Key Achievement: Processes 100 raw logs β†’ filters to 89 quality records β†’ generates 8 analytics insights

Raw Logs (100) ──Flume──> HDFS Raw ──Pig──> Cleaned Data (89) ──Hive──> Analytics Results
  8,012 bytes                        MapReduce        5,809 bytes           8 Queries

πŸš€ Quick Start (5 Minutes with Docker)

Prerequisites

  • Docker installed (silicoflare/hadoop:amd image pre-pulled)
  • 4GB+ RAM available
  • Linux/Mac terminal

Step 1: Start Docker Container

# Clone this repo
git clone <your-repo-url>
cd "ClickSteam analysis"

# Start Docker container with all services
sudo docker run -d --name clickstream \
  -p 9870:9870 \
  -p 8088:8088 \
  -p 9864:9864 \
  -v "$(pwd):/clickstream" \
  --entrypoint /bin/bash \
  silicoflare/hadoop:amd \
  -c "sleep infinity"

# Enter container
docker exec -it clickstream /bin/bash

Step 2: Start Hadoop Services

# Inside the container, start services
/usr/local/hadoop/bin/hdfs namenode -format -force
/usr/local/hadoop/bin/hdfs namenode &
/usr/local/hadoop/bin/hdfs datanode &
/usr/local/hadoop/bin/yarn resourcemanager &
/usr/local/hadoop/bin/yarn nodemanager &

# Verify services running
jps
# Should show: NameNode, DataNode, ResourceManager, NodeManager

Step 3: Setup Pipeline

# Create HDFS directories
hdfs dfs -mkdir -p /user/root/clickstream/{raw,processed}

# Generate sample logs (100 entries)
python3 << 'EOF'
import random
from datetime import datetime, timedelta

pages = ['/index.html', '/products/laptop', '/products/phone', '/cart', '/checkout']
ips = ['192.168.1.100', '192.168.1.101', '192.168.1.102', '10.0.0.1']

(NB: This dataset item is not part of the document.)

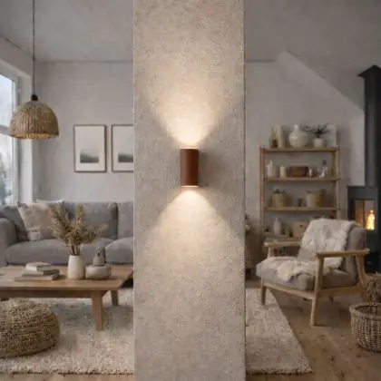 Beschrijving D'Lite Wandlamp Vossem Metaal Roestig Up & Down| IP54 - Geschikt voor 2x GU10

with open('/clickstream/logs/access.log', 'w') as f:
    current_time = datetime(2026, 4, 5, 16, 31, 52)
    for i in range(100):
        ip = random.choice(ips)
        page = random.choice(pages)
        status = random.choices([200, 404], weights=[90, 10])[0]
        size = random.randint(1000, 10000)
        timestamp = current_time.strftime('%d/%b/%Y:%H:%M:%S +0000')
        log = f'{ip} - - [{timestamp}] "GET {page} HTTP/1.1" {status} {size}\n'
        f.write(log)
        current_time += timedelta(seconds=random.randint(1, 10))

print("Generated 100 sample logs")
EOF

# Upload to HDFS
hdfs dfs -put /clickstream/logs/access.log /user/root/clickstream/raw/

Step 4: Run Data Pipeline

Phase 1 & 2: Ingestion & Cleaning (Pig)

# Delete old output
hdfs dfs -rm -r /user/root/clickstream/processed

# Run Pig script (ETL/cleaning)
pig -x local /clickstream/phase2_cleaning/clean_logs.pig
# Result: 89 clean records (11 404s filtered)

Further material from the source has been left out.